Yesterday’s post explored why the betrayed partner is often plagued by recurrent images of their partner being with the other person, and how intrusive and destructive that can be.
Providing affair help and resources for infidelity is our focus at Infidelity Help Group. The membership here draw upon both their education about infidelity and their own personal experiences to provide affair help for those who are struggling to cope. We believe in educating people about infidelity, its patterns and its impact on all parties involved. We offer infidelity and affair help that is practical, realistic, and from a place of genuine support and caring. It’s not our job to sugar coat it, but it’s our role to challenge existing thought, debunk myths, press for authenticity, and to ask the hard questions.
We understand how destructive mind movies are. Our veteran membership has lived through them, our newer membership is working to cope with them, with the support of the community. These are techniques that some of the community here have tried and found successful in trying to cope with the images that they conjure up in their own mind movies.

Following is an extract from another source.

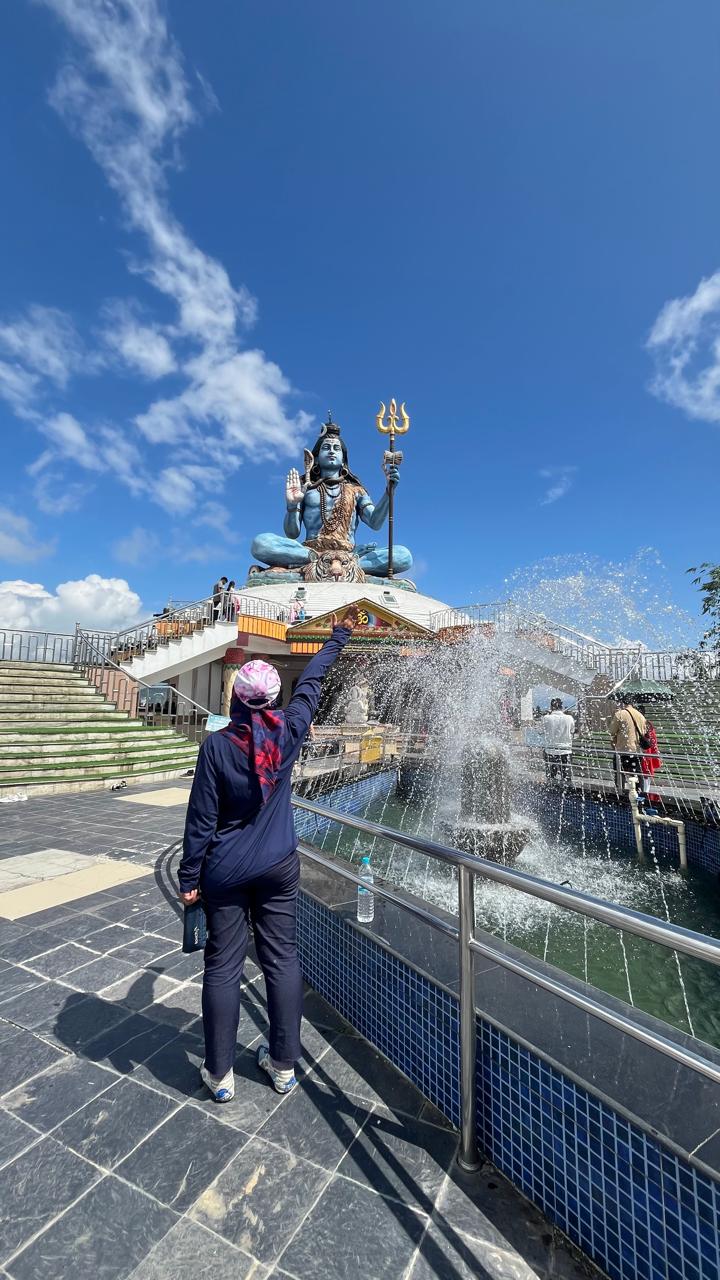 Tujuan pertama kami adalah Pumdikot Statue View Point, tempat berdirinya patung raksasa Dewa Shiva setinggi 51 kaki di atas stupa putih. Dari pelataran di sekitarnya, kami bisa melihat seluruh lanskap Pokhara: danau yang berkilau di bawah dan di kejauhan barisan megah pegunungan Annapurna.

Affair Help: Ways to Stop the Mind Movies
- Imagine a STOP sign and focus on that until you can divert your attention to something else.
- Set aside 15 minutes a day when that is the ONLY time you permit yourself to think about them together.
- Think instead of a calm, peaceful place, or a happy time (not one starring your spouse/partner!) and concentrate on the details of it – identify colors, count objects, name people etc.
- Put an elastic band on your wrist and whenever the thoughts intrude, snap it against your wrist a few times, HARD.
- Hold an ice cube as tightly as you can in your hand and focus on the coldness. When it starts to hurt you will be busy focusing on that instead.
These are a few tried and tested techniques from within our forum (there are others – register with us for further ideas). An article by Stephanie Anderson suggests that you use your imagination as an editing suite, manipulating a movie reel to try to control to control and alleviate the power that these intrusive and disturbing thoughts have over you.
Torturing yourself with images of the affair will suck you into a vortex of self-destructive and negative thinking. However difficult it is, find the time, the inclination, and the courage to implement a coping strategy to stop yourself from wallowing in the drama and angst of the affair.